Directions: The answer should hold only the lines from the one containing "Батарейки Kodak Max" through the one containing "شماره 2033| روزنامه صبا یکشنبه 7 دی ۱۴۰۴" in the entries below, copied exactly, without pictures.

[Records from a data source]
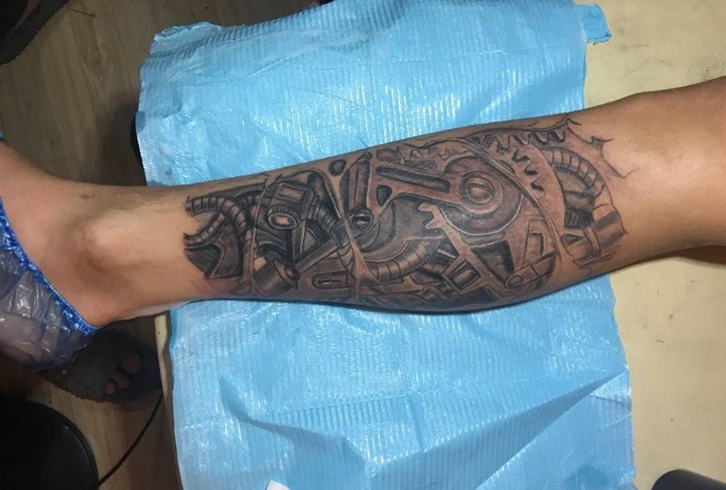 当前位置: 首页 >山东省淄博市纹身店-韵刺青纹身工作室纹身图案>机械腿纹身图片
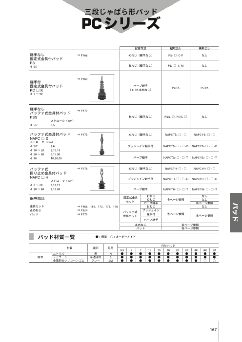 ・継手付固定式金具付パッド/PCTK・PCYK ・継手なしバッファ式金具付パッド/PSS ・バッファ式金具付パッド/NAPCTS・YS ・バッファ式回り止め金具付パッド/NAPCTH・YH ・三段じゃばら形パッド/PCG ◆詳細はカタログを...
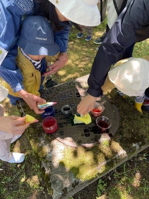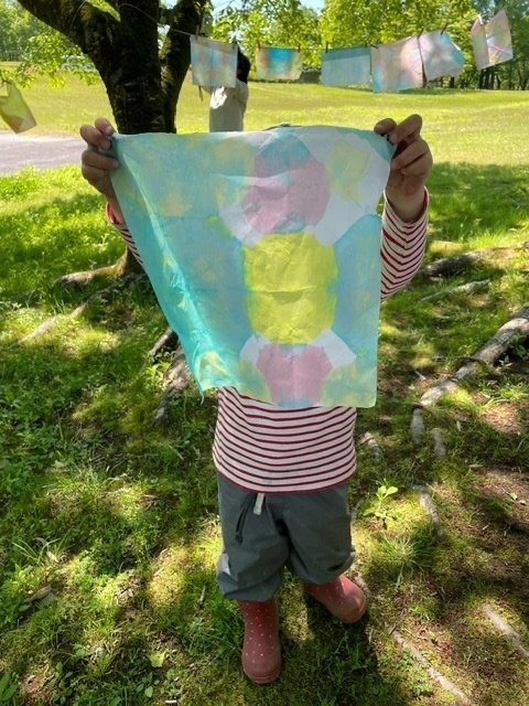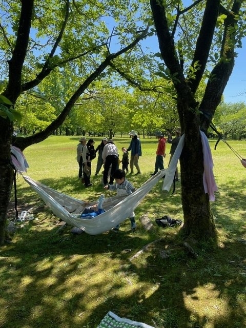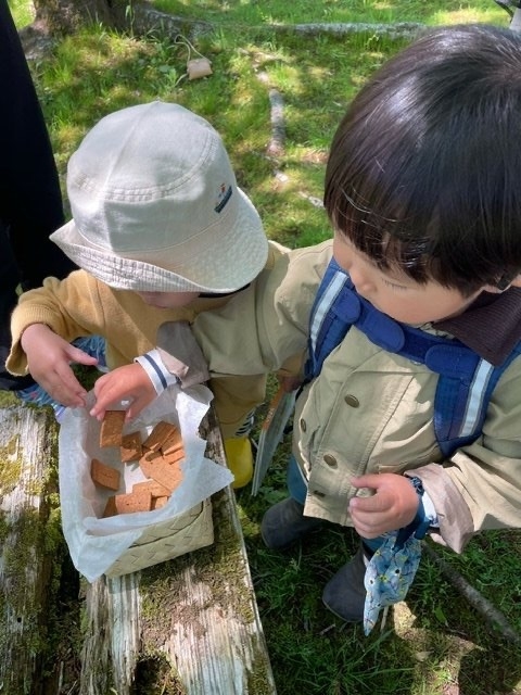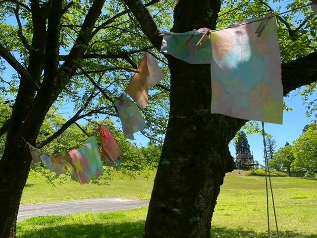 2025年05月08日(木) 折り染めと音楽遊び 澄んだ晴れた日 まずはおやつから この日のおやつはきなこクラッカー 子どもたちのおかわりが止まりません その後は折染 好きな形に折り、好きなところに、好きな色をちょんちょんと浸す さあ、どんな作品ができたかな 何度しても毎度違う素敵な作品 夏には七夕の短冊にも変身します どんな願いごとを書こうかな 今から楽しみだね ご飯の後は音楽遊び 先輩かあさんが楽しい遊びをしてくれました 輪の中で一緒に歌うもよし ハンモックで聞いて楽しむもよし 音楽を身近に感じる時間でした Tくんマミちゃん
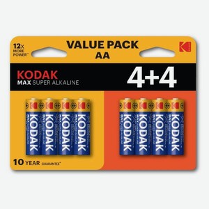 Батарейки Kodak Max Super Alkaline АА (LR6), 8 шт (LR6 4+4BL)
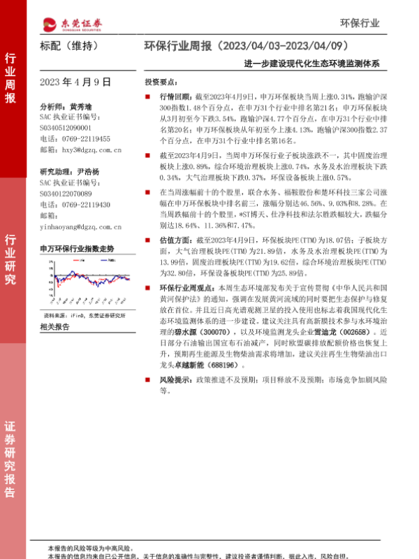 【东莞证券】【20230409】环保行业周报:进一步建设现代化生态环境监测体系-11页 行业研究
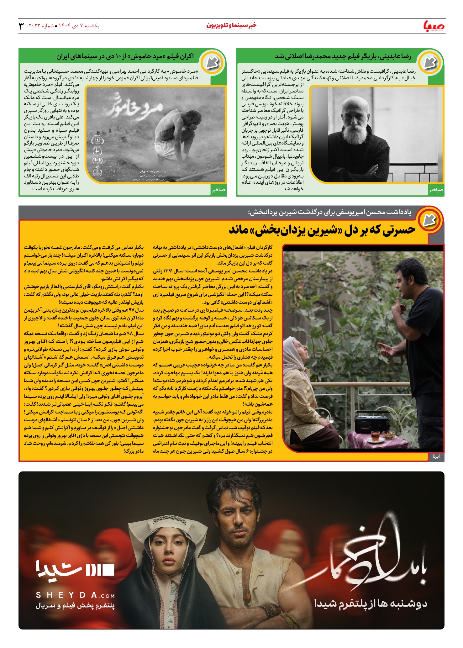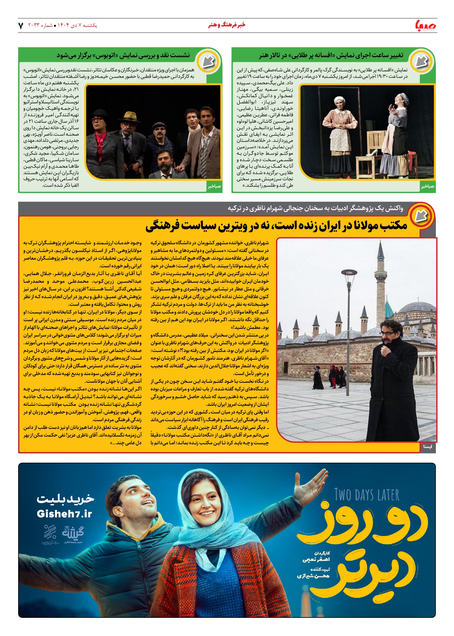 شماره 2033| روزنامه صبا یکشنبه 7 دی ۱۴۰۴
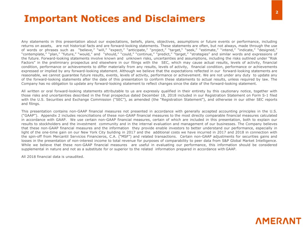 2 Important Notices and Disclaimers Any statements in this presentation about our expectations, beliefs, plans, objectives, assumptions or future events or performance, including returns on assets, are not historical facts and are forward-looking statements. These statements are often, but not always, made through the use of words or phrases such as “believe,” “will,” “expect,” “anticipate,” “project,” “target,“ “seek,” “estimate,” “intend,” “indicate,” “designed,” “contemplate,” “plan,” “future,” “would,” and “should,” “could,” “continue,” “predict,” “target,” “strategies” and similar words and expressions of the future. Forward-looking statements involve known and unknown risks, uncertainties and assumptions, including the risks outlined under “Risk Factors” in the preliminary prospectus and elsewhere in our filings with the SEC, which may cause actual results, levels of activity, financial condition, performance or achievements to differ materially from any results, levels of activity, financial condition, performance or achievements expressed or implied by any forward-looking statement. Although we believe that the expectations reflected in our forward-looking statements are reasonable, we cannot guarantee future results, events, levels of activity, performance or achievement. We are not under any duty to update any of the forward-looking statements after the date of this presentation to conform these statements to actual results, unless required by law. The Company has no obligation to update any forward-looking statement to reflect changes since the date of the forward-looking statement. All written or oral forward-looking statements attributable to us are expressly qualified in their entirety by this cautionary notice, together with those risks and uncertainties described in the final prospectus dated December 18, 2018 included in our Registration Statement on Form S-1 filed with the U.S. Securities and Exchange Commission (“SEC”), as amended (the “Registration Statement”), and otherwise in our other SEC reports and filings. This presentation contains non-GAAP financial measures not presented in accordance with generally accepted accounting principles in the U.S. (“GAAP”). Appendix 2 includes reconciliations of these non-GAAP financial measures to the most directly comparable financial measures calculated in accordance with GAAP. We use certain non-GAAP financial measures, certain of which are included in this presentation, both to explain our results to stockholders and the investment community and in the internal evaluation and management of our businesses. The Company believes that these non-GAAP financial measures and the information they provide enable investors to better understand our performance, especially in light of the one-time gain on our New York City building in 2017 and the additional costs we have incurred in 2017 and 2018 in connection with the spin-off from Mercantil Servicios Financieros, C.A. (“MSF”) and related transactions. Certain non-GAAP adjustments for securities gains and losses in the presentation of non-interest income to total revenue for purposes of comparability to peer data from S&P Global Market Intelligence. While we believe that these non-GAAP financial measures are useful in evaluating our performance, this information should be considered supplemental in nature and not as a substitute for or superior to the related information prepared in accordance with GAAP. All 2018 financial data is unaudited.
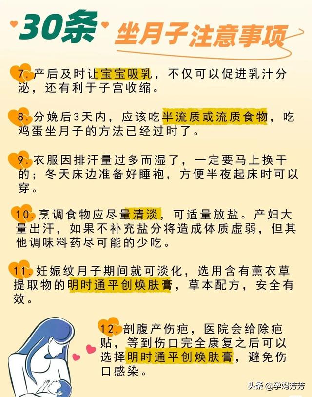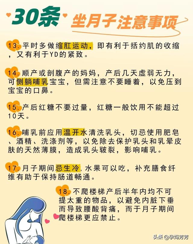 科学坐月子。远离月子病。30条做月子注意事项1.月子期可不止30天。整个产褥期需6-8周。也就是42-56天。2.恶

Written solution:
 Батарейки Kodak Max Super Alkaline АА (LR6), 8 шт (LR6 4+4BL)
 【东莞证券】【20230409】环保行业周报:进一步建设现代化生态环境监测体系-11页 行业研究
 شماره 2033| روزنامه صبا یکشنبه 7 دی ۱۴۰۴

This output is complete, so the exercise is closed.